Misconfigured examine settings lead to OutOfMemoryExceptions on Azure webapp

The Question
We have an Umbraco 13.5.2 site hosted in Azure webapps. The site was misconfigured and about once a month would crash with OutOfMemoryExceptions. We’ve fixed the configuration. What I’m hoping to get some insight into is how the misconfiguration could have resulted in OutOfMemoryExceptions. We are trying to figure out if there is more to the problem than just that misconfiguration.
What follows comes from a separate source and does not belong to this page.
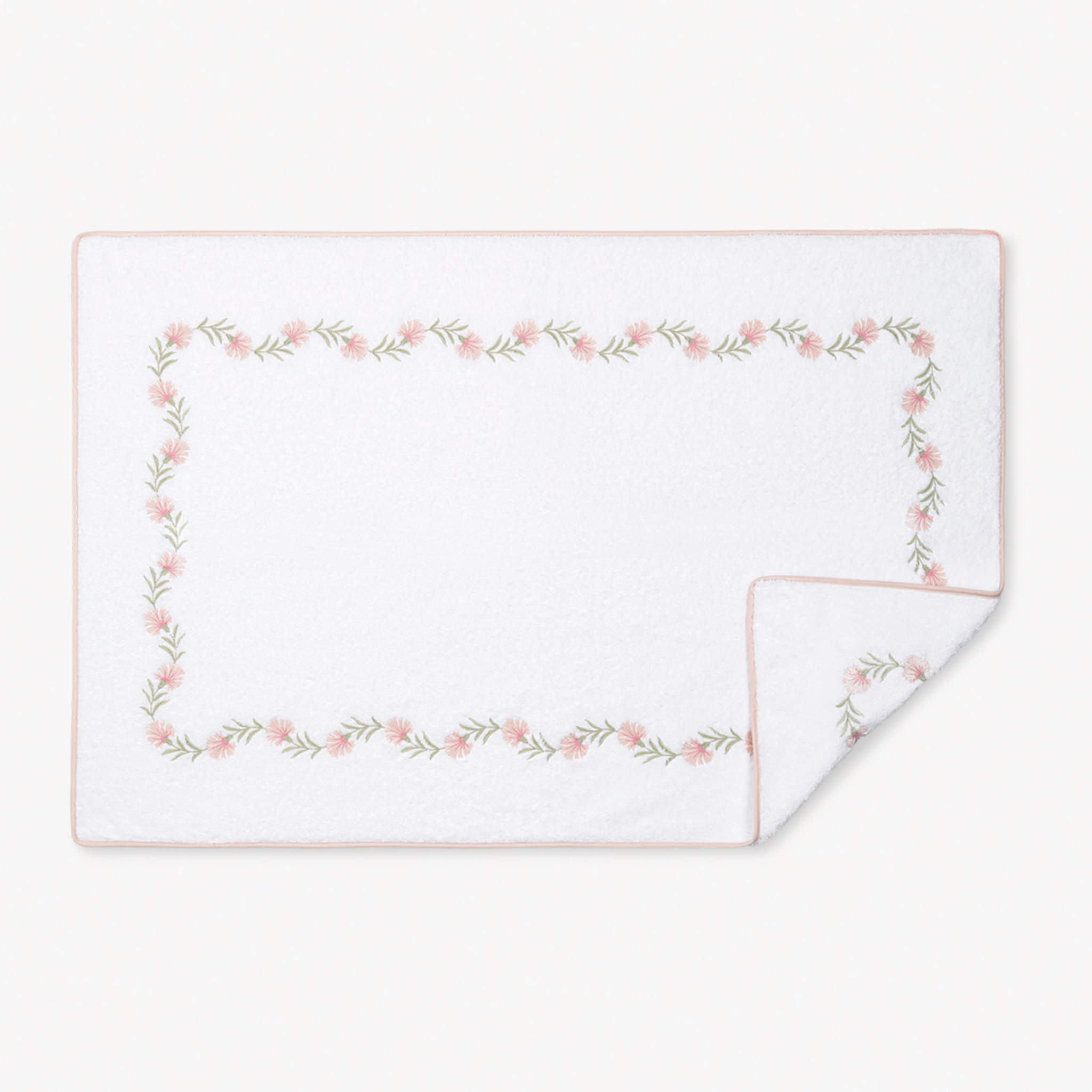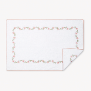 A vibrant floral against a simple backdrop, this coveted bedding design is now made for the bath. Daphne’s delicate embroidery adds a bold pop of color to Matouk's Cairo long-staple cotton terry, creating a lush towel that is a personal delight and brings charm to the bath.

Anyone have any ideas on why our misconfigured examine/lucene settings would result in OutOfMemoryExceptions? Until I’ve found some explanation about how the misconfiguration could cause this exception, I’m inclined to believe that there is a separate problem at play.

Thanks everyone!

The setup
We have a backend, CMS instance and a public scalable instance (not currently scaled out at all) both pointed to the same database. The site has periodically started crashing and won’t come up again without actually removing all traffic from the public site for a time. Recycling the app pool is not sufficient.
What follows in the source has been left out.